I've been having trouble with this example while studying for my exams. Why is
$$2023^{2297}\equiv 20 \pmod{3953}\;?$$
Thanks so much for any help I can get!
The examples solves the answer by using $2297 = 2^{11} + 2^7 + 2^6 + 2^5 + 2^4 + 2^3 + 2^2 + 2^0$
Here is how I would approach the problem: the factorization of $3953$ is $59\times 67$ (hopefully you're allowed to use a calculator or Mathematica for this). I'd find the solutions $a$ and $b$ to $$2023^{2297}\equiv 17^{2297}\equiv 17^{35} \equiv a\bmod 59\qquad 2023^{2297}\equiv 13^{2297}\equiv 13^{53}\equiv b\bmod 67$$ (note the use of Fermat's little theorem here). Unfortunately nothing about these numbers is particularly convenient, so I'd resort to repeated squaring to figure out $a$ and $b$. Finally, I'd use the Chinese remainder theorem to combine these results into an answer modulo $3953$.
This is not an answer, it is just a rescue part of Zev Chonoles' factoring. I couldn't include this in the comment, as it is exceeding word-limit.
$3953$ is your number. The square root of the number is approximately $62$, so you just gotta check the PRIME numbers until $62$ to find the factors. And the rest follows.
Why this works?
If you have a number $N$, write it as
$\sqrt{N} \cdot \sqrt{N}$ , if you choose any number below $\sqrt {N}$, the other number has to be larger than $\sqrt{N}$. So, if you get numbers until $\sqrt{N}$, obviously you will have the other number larger than $\sqrt{N}$, which you don't need to check.

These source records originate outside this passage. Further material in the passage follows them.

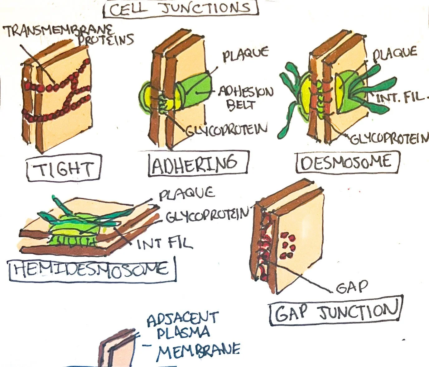 Adhering Junctions: A layer of proteins, known as plaque, forms adhesion belts within microfilaments and holds adjacent plasma membranes together with glycoproteins to secure each side together.¹ Found in the intestines to prevent spillage from chyme movement.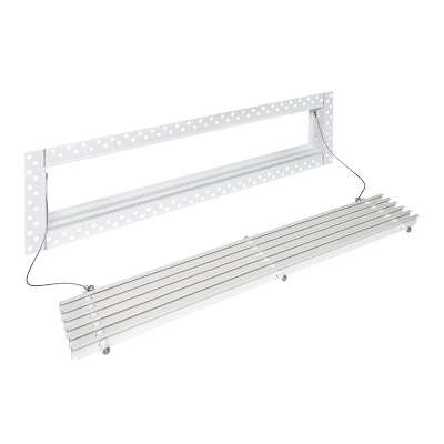 Данная решетка подходит для монтажа на любую поверхность под финишную отделку. Рамка и экран изготовлены из алюминия, опора экрана - из оцинкованной стали. Рама оснащена «полкой» 1,9 мм и рифлеными краями для большей адгезии финишного материала – шпатлевки, цемента. Решетка имеет съемную центральную часть с фиксированным углом наклона ламелей 15°. Она крепится к корпусу прочными металлическими тросиками, легко снимается для очистки и удобного обслуживания.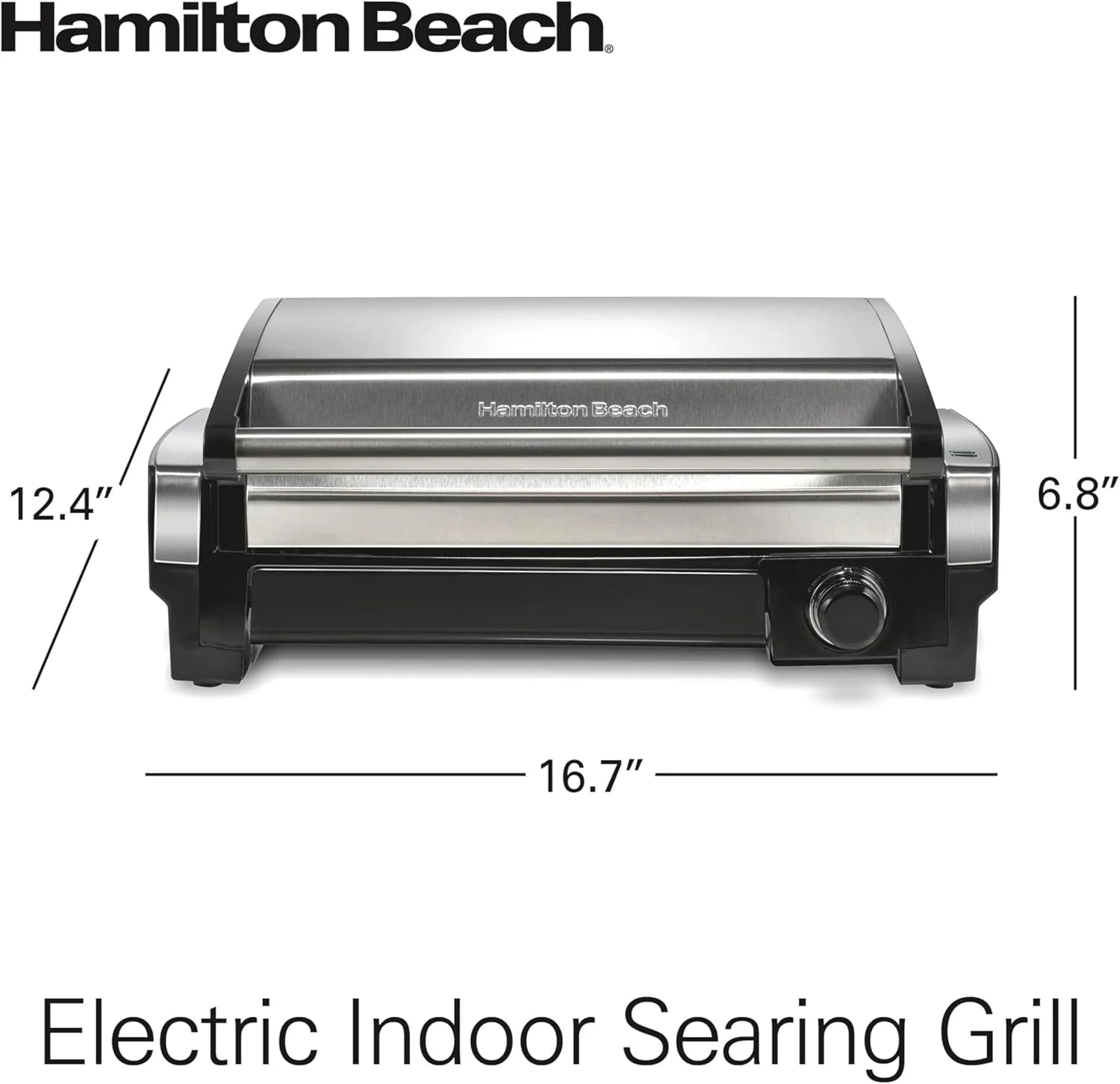 Electric Indoor Searing Grill with Viewing Window & Adjustable Temperature Control to 450F, 118 sq. in. Surface Serves 6, PFAS-Free Removable Nonstick Grate, Stainless Steel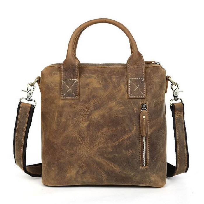 Сумка 11543 Tiding Leather, из натуральной лошадиной кожи выделки Crazy Horse, светло-коричневого цвета. Изделие имеет одно основное отделение, внутри которого имеются два накладных кармана для телефона и мелких предметов, и ещ один побольше на молнии для ценных вещей. Лицевую сторону сумочки украшает вертикальная короткая молния, за ней скрывается кармашек. Яркая строчка ниткой более светлого тона, делает аксессуар еще привлекательнее. У сумки имеются две короткие кожаные ручки для носки в руке, а также есть съемный ремень через плечо, выполненный из кожи с применением текстильной основы, защищающей его от растяжения. Данный аксессуар универсален и подойдет для использования как мужчинам, так и женщинам.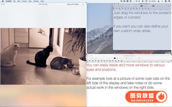 BetterSnapTool允许您轻松导航窗口和/或将其拖动到一个角落或屏幕的顶部,左侧或右侧。这使您可以轻松地最大化窗口,并排放置它们,甚至可以将它们调整到屏幕的四分之一。
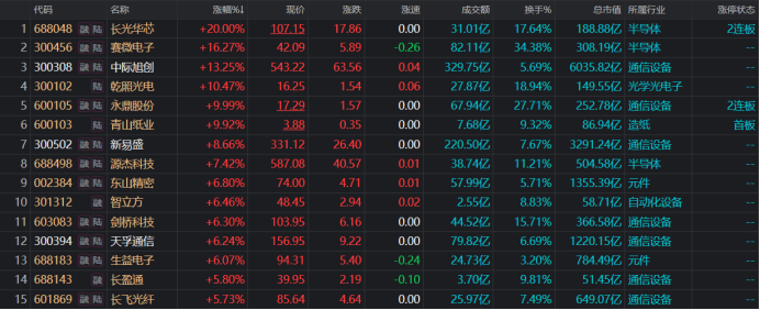 注:CPO概念股表现活跃(截至11月26日收盘)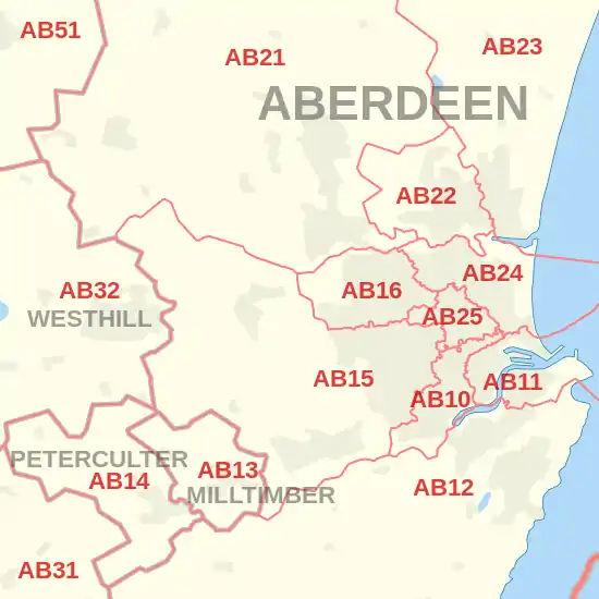 | AB12 | ABERDEEN | Altens, Ardoe, Banchory Devenick, Blairs, Bridge of Dee, Cove Bay, Kincorth, Maryculter, Nigg, Portlethen, Tullos | Aberdeen, Aberdeenshire |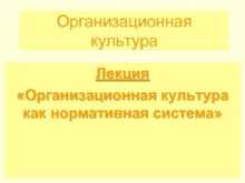 Организационная культура Лекция Организационная культура как нормативная система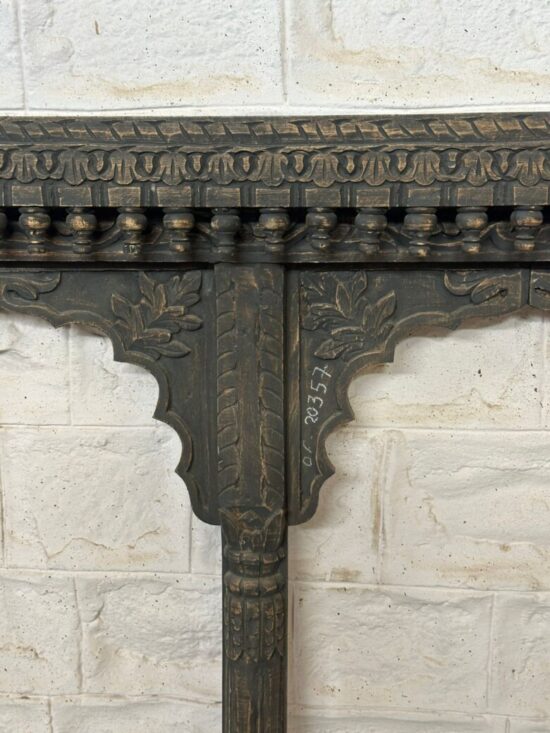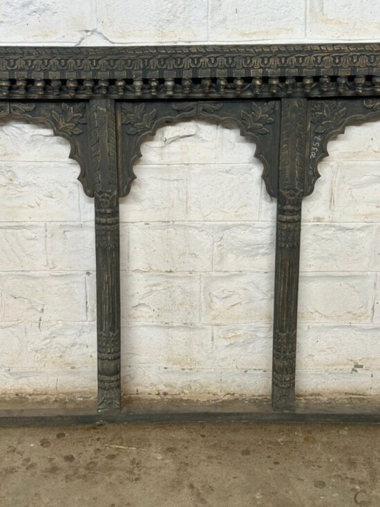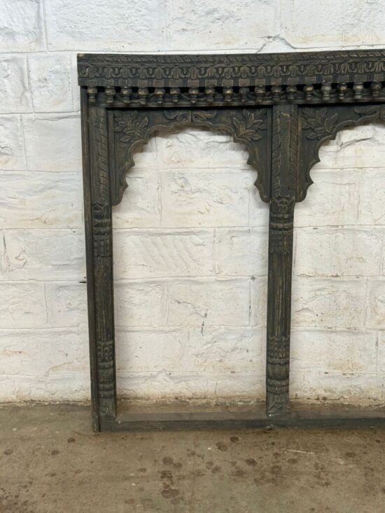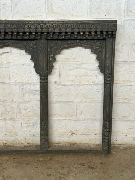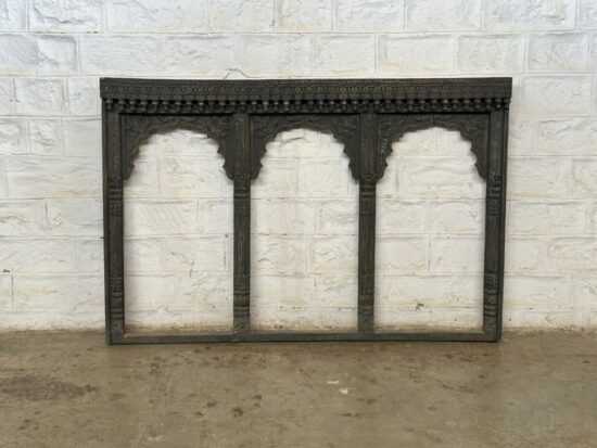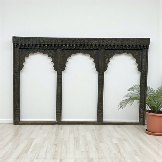 Bring home a piece of timeless Indian craftsmanship with this Vintage Jharokha Triple Arch Mirror Frame. Hand-carved in solid wood, this antique frame features three elegant arches with intricate floral and lattice-inspired carvings.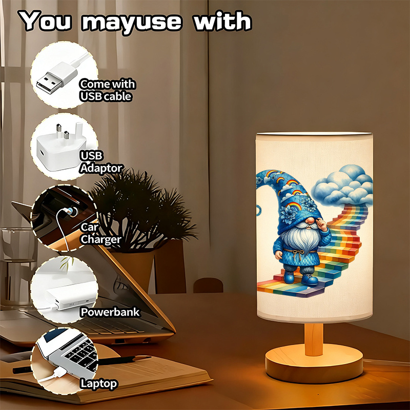 The Gnome Walking On Rainbow Stairway Themed Table Lamp is a display piece that brings artistic visuals and ambient lighting into one form. Designed for those who appreciate decor, this printed tabletop lamp features a whimsical scene of a gnome walking along a rainbow stairway into the clouds. Its visual concept blends dreamlike imagination with function.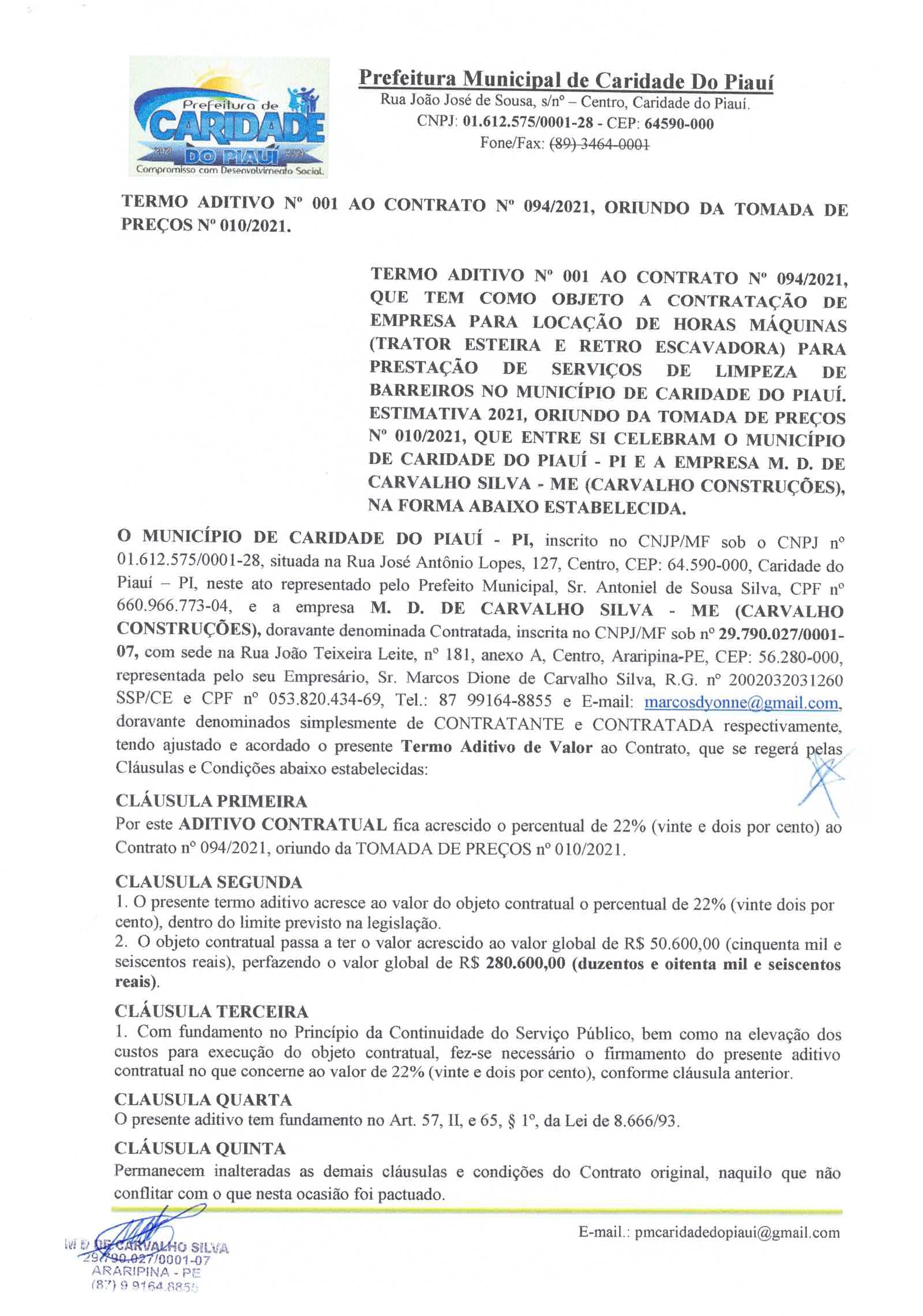 ADITIVO AO CONTRATO N° 094/2021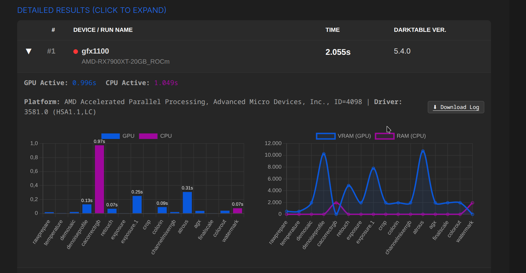 Update: Fixed chart labels, added log downloads.

The point of the example is to show the use of repeated squaring. Once you write $2297 = 2^{11} + 2^7 + 2^6 + 2^5 + 2^4 + 2^3 + 2^2 + 2^0$ you can do $x^{2297}=x^{(2^{11} + 2^7 + 2^6 + 2^5 + 2^4 + 2^3 + 2^2 + 2^0)}=x^{2^{11}}x^{2^7}x^{2^6}x^{2^5}x^{2^4}x^{2^3}x^{2^2}x$ and you can get each of the last terms by squaring $x \ 11$ times, taking it $\pmod {3957}$ each time. Then you can multiply two of them, take it $\pmod {3957}$, multiply by the next, take it $\pmod {3957}$, and so on. You never need numbers of more than eight digits this way.